Après Sidney J. Furie et Guy Hamilton, c'est au tour du réalisateur Ken Russell, mieux connu pour ses biographies des grands compositeurs de musique classique, de s'être attelé à la tâche de porter à l'écran un récit du héros de l'auteur britannique Len Deighton. Russell n'avait pourtant jusque là qu'un seul long-métrage d'expérience derrière la cravate.
Ayant démissionné des services secrets britanniques, Harry Palmer s'est recyclé dans la police privé comme détective. Il se voit offrir un montant substantiel pour transporter un mystérieux thermos contenant des oeufs jusqu'à Helsinki en Finlande. Arrivé là-bas, Harry découvre que c'est une vieille connaissance de la CIA, Leo Newbigen, qui l'a engagé. Celui-ci est maintenant au service d'un milliardaire texan, Midwinter, farouchement anticommuniste et qui a conçu un super-ordinateur capable de commander un réseau privé d'espions.
Harry apprend de son ancien supérieur aux services secrets, le colonel Ross, que les oeufs qu'il a transportés ont été volés à un centre scientifique spécialisé dans la recherche de virus. Harry comprend alors que les oeufs maintenant entre les mains de Leo doivent servir à décimer l'armée russe en Lettonie, mais le chef des services secrets russes, le colonel Stok, avec qui Harry a déjà eu affaire, est déjà au courant de la manoeuvre grâce à la maîtresse de Leo, Anya. Palmer tente alors d'intervenir pour empêcher le massacre de l'armée privée de Midwinter, tout en cherchant à contrer Leo, qui avait trafiqué le super-ordinateur et manipulé Midwinter pour son profit personnel.
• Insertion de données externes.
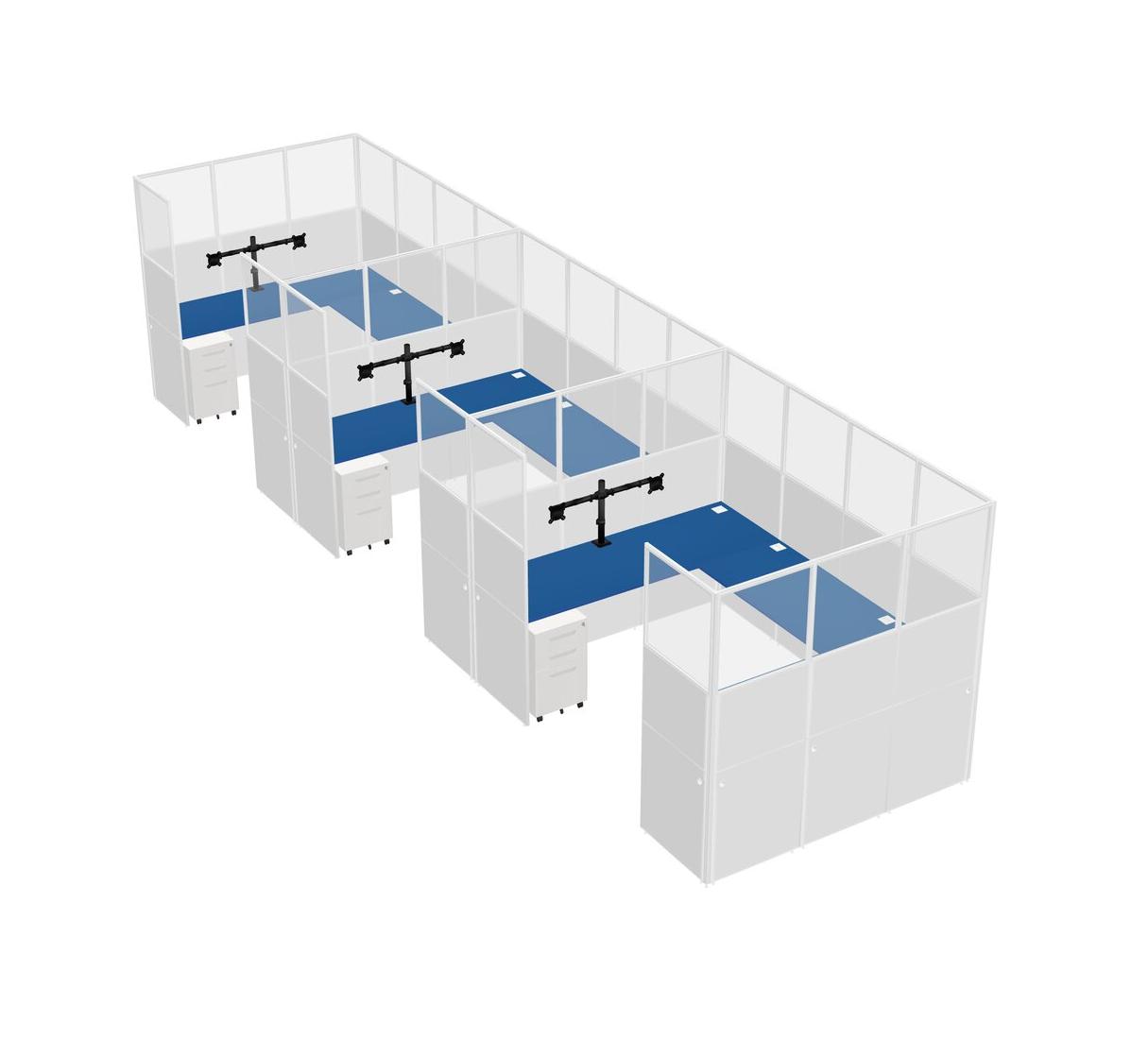 Prism Blue U-shaped Panel System For 3 Person + Monitor Arm (double Arms) + Metal Mobile Drawers For 3 User(s)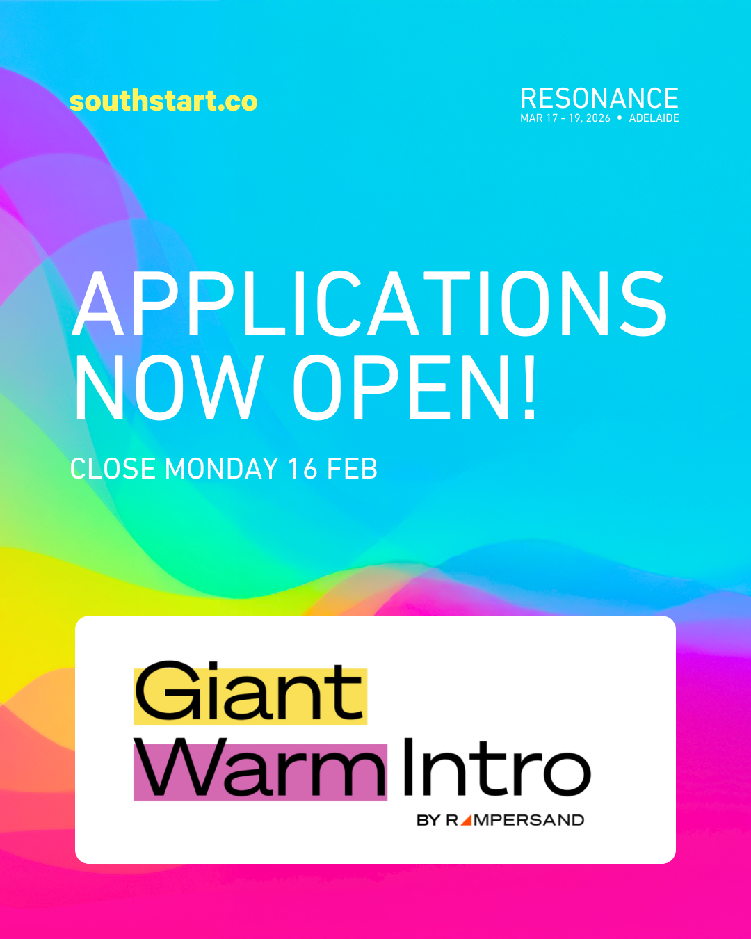 We’re teaming up with SOUTHSTART as a Community Session Partner to bring a special edition of the Giant Warm Intro (GWI) to Adelaide in March 2026

Cette troisième aventure de l'agent secret Harry Palmer a visiblement bénéficié d'un budget plus imposant. Le récit se présente sous la forme d'une allégorie géopolitique qui montre le danger du fanatisme, quelque soit l'orientation patriotique à laquelle on adhère. Ironiquement, le personnage du riche et mégalomane anticommuniste texan, incarné magnifiquement par Ed Begley, rappelle parfois l'ancien président des États-Unis George W. Bush par son attitude.
Ceci dit, le film contient des éléments fantaisistes qui le compare aux aventures de James Bond et la conception du générique du début par Maurice Binder renforce cette comparaison. Néanmoins, cela s'arrête là car l'on retrouve assez vite à travers ces éléments fantaisistes une intrigue complexe d'espionnage digne des précédentes aventures d'Harry Palmer, où encore une fois les personnages sont des faux-semblants ou des simulacres qui cachent leur jeu.
Le début est un peu lent à démarrer, surtout dans l'exposition des données du scénario, et l'humour se fait un peu plus rare que dans les deux films antérieurs de la série. Malgré ces défauts, la mise en scène de Ken Russell est excellente et profite pleinement des extérieurs enneigés et des décors des châteaux de la Finlande.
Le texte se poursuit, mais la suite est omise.